Белье Рауль просто называет «дорогим», что оставляет нам возможность гадать о том, каким оно было. Но в том, что касается обуви, описание становится более подробным: «Они предаются в ней таким излишествам, что даже сами испытывают от этого неудобства. Они носят столь тесную обувь, что ходят с трудом, заключенные в это узилище; кроме того, они приколачивают к ним каблуки». Это описание позволяет предположить, что обувь, предписанная уставом, представляла собой просто подошвы, прикреплявшиеся к ногам при помощи ремней, либо некий вид мягких туфель. «Они украшают их справа и слева ушками и изо всех сил стараются, чтобы они не образовывали «сладок. Они приказывают слугам начищать их до блеска». Стало быть, ботинки были кожаными.
Ясно, что монахи разодевались таким образом не для того, чтобы оставаться в монастыре. Куда же они ходили? В каких местах реймской митрополии или епископских городов соседних областей, где также были аббатства, они красовались в своих прекрасных одеждах? Какого рода мирское общество, наверняка достаточно высокое по положению, принимало их, давая возможность отвлечься от скуки монастырской жизни? Мы уже имели возможность заметить, что некоторые монахи «стремились приобретать имущество». Каким образом они это делали? Участвовали ли они в коммерческой деятельности, которая начала просыпаться в городах? Или, вместе с предшественниками богатых горожан, появившихся в период расцвета Средневековья, прокладывали эту дорогу в будущее и сами пользовались ею?
Как бы то ни было, аббат, отметив такое, что почти все монахи используют для своих постелей ткани сверх тех, что разрешены уставом в качестве покрывал, приходит к следующему заключению: «Я разоблачил перед вами то, что происходит. Скажите, хотите ли вы запретить это?» И добавляет: «Об остальных необходимых изменениях мы поговорим на наших специальных собраниях». Стало быть, существовали и другие нарушения монастырской морали, в подробности которых аббат не счел нужным вдаваться на соборе. И архиепископ Адальберон согласился с этим. Прежде чем закрыть собор, он сказал: «Нашей властью мы запрещаем вещи, которым вы, по своей мудрости, решили положить конец. А вопрос об изменении того, о чем вы умалчиваете, желая прежде во всем удостовериться, мы оставляем на ваше суждение».
Ришер рассказывает нам, что «с тех пор монахи стали отличаться большой приверженностью к порядку, потому что архиепископ, прекрасно знавший устав, увещевал их и побуждал его выполнять». Если Ришер говорит правду, то, должно быть, у Адальберона была хорошая хватка руководителя.
Монахи-вояки
Нарушения, о которых столь красноречиво рассуждал архиепископ, очевидно, совершались в среде монахов, весьма обеспокоенных клюнийской реформой. Были и другие, имевшие особые основания для того, чтобы проклинать этот набиравший силу орден. К этой категории недовольных относился епископ Лана Адальберон, по прозвищу Асцелин, тот «старый изменник», чье описание общества того времени мы уже читали в «Поэме для короля Роберта». Его можно считать глашатаем этой группы священнослужителей. Будучи таковым, он представляет нашему взору другой вид монастырских злоупотреблений, который можно было бы назвать клюнийским шовинизмом.
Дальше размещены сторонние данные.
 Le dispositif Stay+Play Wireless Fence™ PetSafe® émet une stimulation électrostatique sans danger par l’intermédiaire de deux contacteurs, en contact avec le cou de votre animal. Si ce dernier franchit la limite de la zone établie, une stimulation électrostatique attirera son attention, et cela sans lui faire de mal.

Роберт Благочестивый прекрасно сознавал, какую силу представляет собой в его королевстве сеть аббатств, управляемых Клюни. Он не удовлетворялся только поддержкой действий выдающихся аббатов, принятием их советов и щедростью в адрес их монастырей. Имея во Франции большое количество епископских мест и митрополий, он, по собственной воле, предпочитал назначать на эти должности монахов, в чьих добродетелях мог удостовериться, а не тех младших детей из знатных родов, которые раньше владели ими почти монопольно. Эта политика христианской доброй воли сыграла большую роль в возрождении (впрочем, относительном) высшего духовенства. С ней, однако, с трудом мирились духовные лица старой закалки, иные из которых были еще живы.
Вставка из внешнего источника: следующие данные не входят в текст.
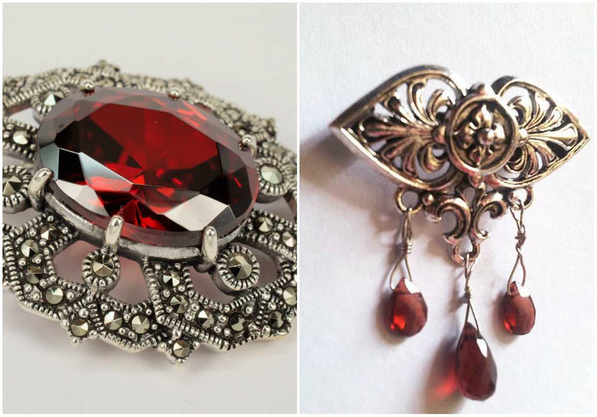 И, наконец, с чем носить гранатовую брошь? Сам цвет и специфика такой броши подсказывают нам, что образ должен быть либо официозным, либо чопорно-торжественным, либо вечерним. Отлично подчеркнет платье другого красного оттенка, а также наряды черного и сливового цветов.
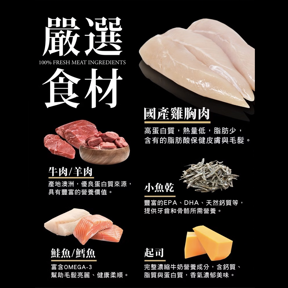 國產雞胸肉、小魚干、澱粉、蔬菜甘油、維他命E(抗氧化劑)、綜合維生素

Одним из них и был Асцелин. Принадлежа к лотарингской аристократии, из числа которой Каролинги охотно выбирали людей на епископские должности и будучи образованным человеком и политиком в душе, он обладал при этом более чем сомнительной склонностью к чистоте нравов и, как и многие люди его крута, считал себя приверженцем старины. Из этого настроения и родилась его «Поэма для короля Роберта», где он весьма черными красками рисует картину того состояния, в котором находится королевство, возлагает ответственность за это на Клюни, едко-сатирически изображает это аббатство и излагает свою собственную доктрину политической и религиозной организации государства. Он предлагает королю программу немедленного исправления ошибок.